- [Task details] Each line in the records below, from the one that contains "华硕Z97-A采用了ATX标" to the one that contains "Spot Instance Cost Saving", should be reproduced exactly, the first and last included.

- [Provided entries]
+ + +

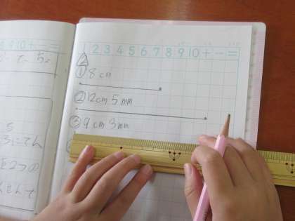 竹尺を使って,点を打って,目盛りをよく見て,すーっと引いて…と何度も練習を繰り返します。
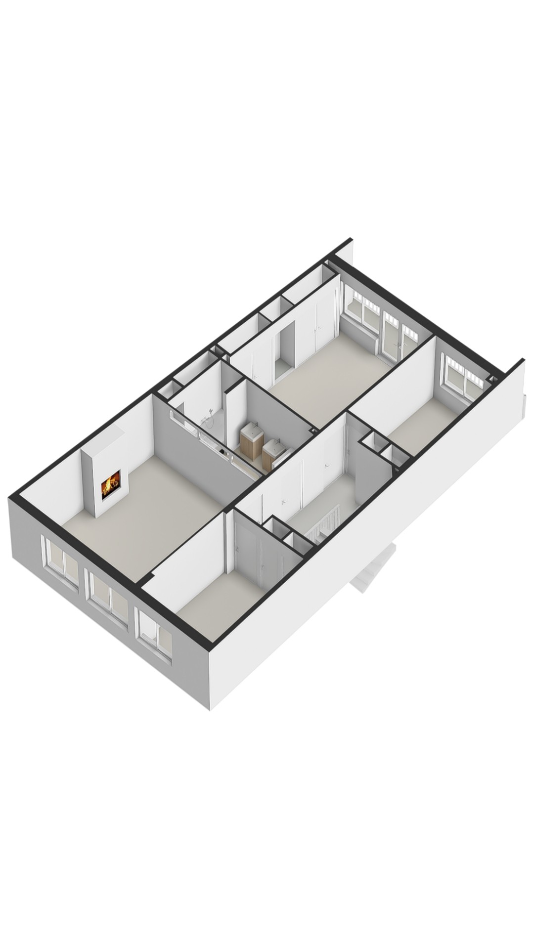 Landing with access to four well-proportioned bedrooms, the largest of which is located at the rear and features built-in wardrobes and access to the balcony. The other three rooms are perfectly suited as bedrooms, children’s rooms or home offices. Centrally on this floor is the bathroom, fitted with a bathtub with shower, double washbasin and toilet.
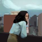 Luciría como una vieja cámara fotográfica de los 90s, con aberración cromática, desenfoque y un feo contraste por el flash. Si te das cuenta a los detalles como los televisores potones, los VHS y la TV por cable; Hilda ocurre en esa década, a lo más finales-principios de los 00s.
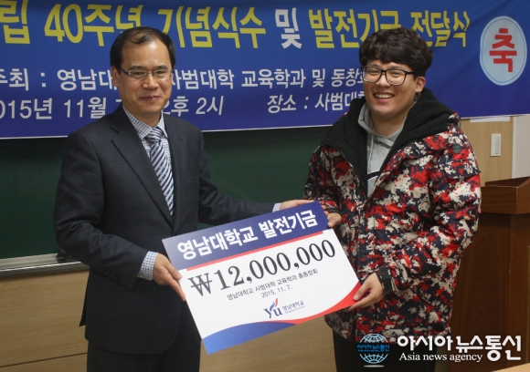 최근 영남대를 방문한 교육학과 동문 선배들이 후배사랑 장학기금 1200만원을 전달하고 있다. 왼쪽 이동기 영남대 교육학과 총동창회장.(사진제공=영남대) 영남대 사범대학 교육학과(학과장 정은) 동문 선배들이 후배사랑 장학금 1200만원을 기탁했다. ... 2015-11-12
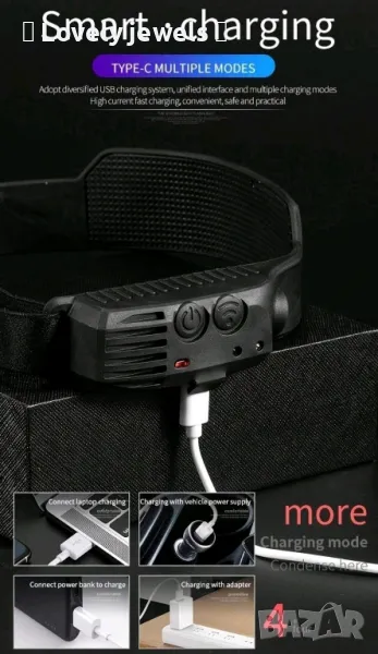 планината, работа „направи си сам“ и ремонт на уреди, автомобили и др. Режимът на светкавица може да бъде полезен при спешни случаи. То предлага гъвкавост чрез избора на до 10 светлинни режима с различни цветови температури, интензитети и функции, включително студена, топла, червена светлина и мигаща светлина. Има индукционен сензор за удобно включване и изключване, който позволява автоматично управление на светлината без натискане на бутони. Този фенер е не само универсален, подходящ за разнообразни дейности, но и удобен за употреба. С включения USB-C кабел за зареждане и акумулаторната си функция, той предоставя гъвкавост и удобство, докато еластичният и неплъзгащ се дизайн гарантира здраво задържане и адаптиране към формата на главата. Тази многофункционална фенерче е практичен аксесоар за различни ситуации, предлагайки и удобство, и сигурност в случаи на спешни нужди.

+ + +

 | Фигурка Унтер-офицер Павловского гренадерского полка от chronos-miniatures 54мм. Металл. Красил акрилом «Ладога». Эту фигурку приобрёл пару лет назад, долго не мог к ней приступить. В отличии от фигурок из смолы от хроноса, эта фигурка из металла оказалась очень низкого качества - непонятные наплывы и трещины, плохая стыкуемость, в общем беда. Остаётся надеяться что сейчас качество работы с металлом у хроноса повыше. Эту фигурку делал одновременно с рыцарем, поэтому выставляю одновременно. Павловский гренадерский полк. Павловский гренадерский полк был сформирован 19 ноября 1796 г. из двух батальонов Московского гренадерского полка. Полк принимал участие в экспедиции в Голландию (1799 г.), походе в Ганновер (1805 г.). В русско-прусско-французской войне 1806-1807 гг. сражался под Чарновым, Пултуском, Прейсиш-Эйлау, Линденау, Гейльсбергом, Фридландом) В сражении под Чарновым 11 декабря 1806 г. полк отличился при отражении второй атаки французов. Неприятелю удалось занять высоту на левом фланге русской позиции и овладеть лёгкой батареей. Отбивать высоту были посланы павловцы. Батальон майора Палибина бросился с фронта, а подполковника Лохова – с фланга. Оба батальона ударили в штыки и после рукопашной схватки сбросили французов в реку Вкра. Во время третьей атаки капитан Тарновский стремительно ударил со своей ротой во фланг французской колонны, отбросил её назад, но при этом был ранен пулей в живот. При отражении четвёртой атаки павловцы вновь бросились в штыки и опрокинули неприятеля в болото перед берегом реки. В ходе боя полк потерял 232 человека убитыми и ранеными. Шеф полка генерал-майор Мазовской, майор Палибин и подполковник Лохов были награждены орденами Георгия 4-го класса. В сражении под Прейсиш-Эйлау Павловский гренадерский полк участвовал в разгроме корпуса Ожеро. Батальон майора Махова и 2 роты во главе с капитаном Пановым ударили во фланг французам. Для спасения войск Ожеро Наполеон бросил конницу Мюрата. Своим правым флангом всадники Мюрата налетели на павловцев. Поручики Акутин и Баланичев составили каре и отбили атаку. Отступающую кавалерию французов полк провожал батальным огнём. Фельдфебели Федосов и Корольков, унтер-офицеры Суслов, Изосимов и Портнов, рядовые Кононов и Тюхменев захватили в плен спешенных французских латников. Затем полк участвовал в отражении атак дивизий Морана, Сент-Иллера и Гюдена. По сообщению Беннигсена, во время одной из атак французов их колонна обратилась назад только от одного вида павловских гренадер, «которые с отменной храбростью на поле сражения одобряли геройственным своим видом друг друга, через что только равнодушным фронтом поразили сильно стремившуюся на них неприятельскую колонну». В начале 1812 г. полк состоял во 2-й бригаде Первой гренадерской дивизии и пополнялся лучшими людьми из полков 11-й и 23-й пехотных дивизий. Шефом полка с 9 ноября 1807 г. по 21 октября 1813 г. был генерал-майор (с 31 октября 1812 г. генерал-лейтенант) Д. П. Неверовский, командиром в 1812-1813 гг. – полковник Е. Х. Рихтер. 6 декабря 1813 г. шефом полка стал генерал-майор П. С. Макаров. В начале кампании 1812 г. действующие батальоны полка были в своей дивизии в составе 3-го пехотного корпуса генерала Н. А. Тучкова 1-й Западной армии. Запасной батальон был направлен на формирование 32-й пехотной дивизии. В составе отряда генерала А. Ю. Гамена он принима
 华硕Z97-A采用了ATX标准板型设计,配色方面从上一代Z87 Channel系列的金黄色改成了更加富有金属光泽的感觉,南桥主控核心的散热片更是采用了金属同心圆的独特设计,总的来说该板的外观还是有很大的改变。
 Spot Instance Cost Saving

+ + +

- [Written solution]
 华硕Z97-A采用了ATX标准板型设计,配色方面从上一代Z87 Channel系列的金黄色改成了更加富有金属光泽的感觉,南桥主控核心的散热片更是采用了金属同心圆的独特设计,总的来说该板的外观还是有很大的改变。
 Spot Instance Cost Saving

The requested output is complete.